Coupling: Consensus strength and robustness were strongly correlated ( $\rho \approx 0.87-0.88$ ) in both conditions. Correct majorities generally had higher agreement than incorrect ones.
High-Consensus/Low-Robustness Failures: Rare but critical cases occurred where models strongly agreed on a wrong answer (High $M$ , Low $R$ ). These occurred in 1% of zero-shot cases and 2% of agentic cases.
Conclusion: Increased agreement under agentic reasoning amplifies both correct and incorrect majorities; it is not a perfect proxy for validity.

D. Verbosity is a Weak Proxy

Zero-Shot: Correct responses were slightly longer than incorrect ones (280 vs. 256 tokens), but the effect size was negligible ( $\delta=0.04$ ).
Agentic: No meaningful difference in length between correct and incorrect responses (660 vs. 668 tokens; $P=0.833$ ).
Implication: Longer, more detailed outputs in agentic pipelines do not signal higher reliability.

E. Clinical Severity of Errors

Severity Distribution: Of the 572 incorrect outputs, 72% were associated with moderate or high clinical severity (potential for significant patient harm).
Inter-rater Reliability: Agreement among radiologists on severity was low ( $\kappa=0.02$ ), indicating that the clinical impact of errors is highly context-dependent and difficult to standardize.
Orthogonality: Improvements in stability and robustness did not eliminate high-severity error modes.

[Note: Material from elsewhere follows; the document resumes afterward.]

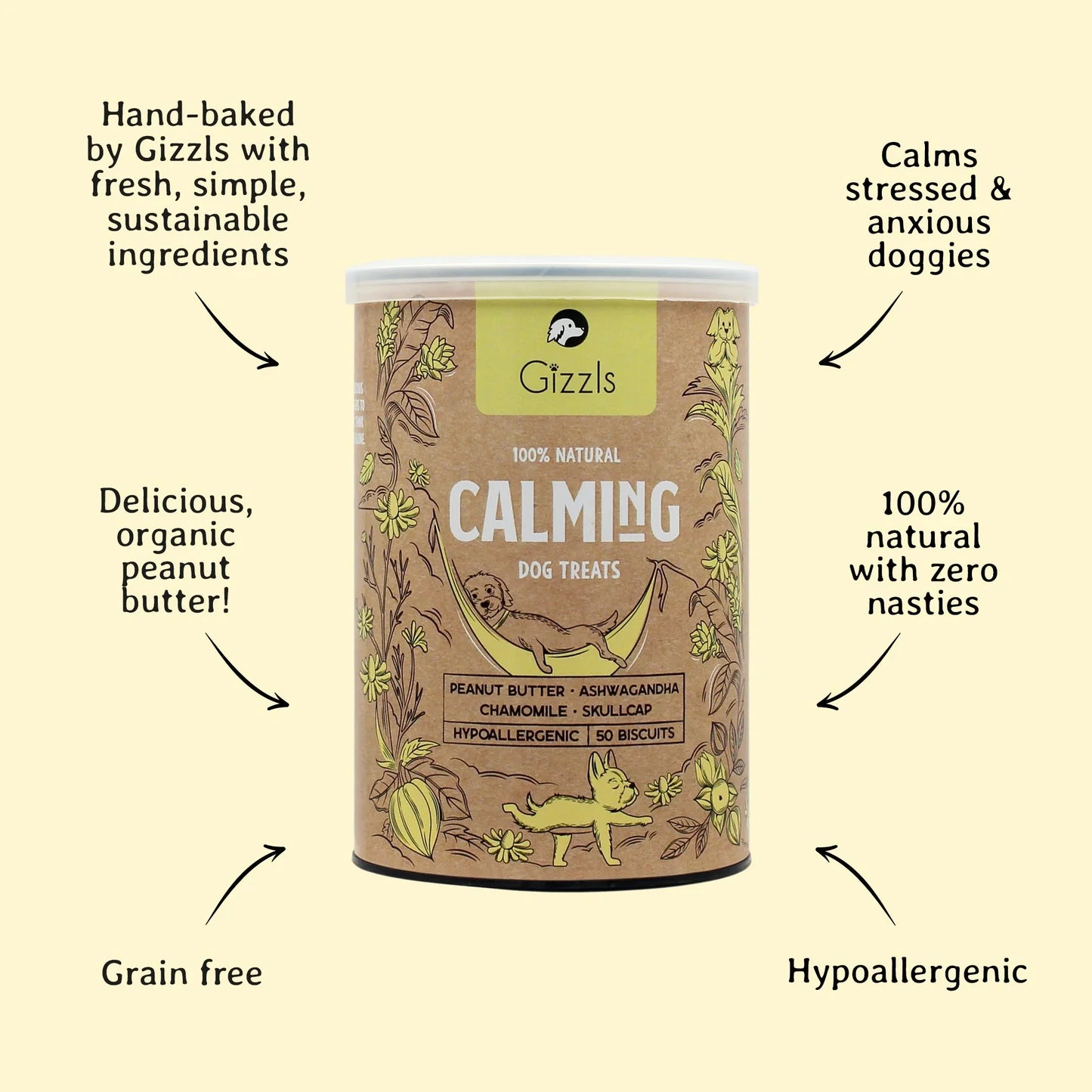 The perfect 100% natural treat* to help calm stressed and anxious doggies. A delicious peanut butter biscuit packed with our unique blend of adaptogens and superfoods to help reduce stress responses in the mind and body. Think vet trips, fireworks, thunderstorms, aggressive behaviour or being home alone.

5. Significance and Implications

Safety-Aware Evaluation: The study argues that accuracy metrics alone are insufficient for clinical AI. Evaluators must assess stability (do models agree?), robustness (do they agree on the right answer?), and tail risks (do they synchronize on wrong answers?).
Agentic Trade-offs: While agentic retrieval-augmented reasoning generally improves collective reliability and reduces decision dispersion, it introduces a risk of synchronized failure. If the retrieved evidence is flawed, diverse models may converge on the same error, creating a false sense of security through high consensus.
Deployment Guidance:
- High consensus should not be blindly trusted as a signal of correctness.
- Response verbosity should not be used as a confidence metric.
- Systems should be evaluated for "collapse" scenarios where model diversity fails to protect against shared-context errors.
Future Directions: The authors call for multimodal evaluations (incorporating images), prospective clinical validation, and retrieval strategies that introduce diversity to prevent synchronized errors.

In summary, the paper demonstrates that while agentic retrieval-augmented reasoning makes LLMs more consistent and generally more robust in radiology QA, it fundamentally reshapes the error landscape, potentially concentrating errors in ways that require new safety monitoring frameworks beyond simple accuracy.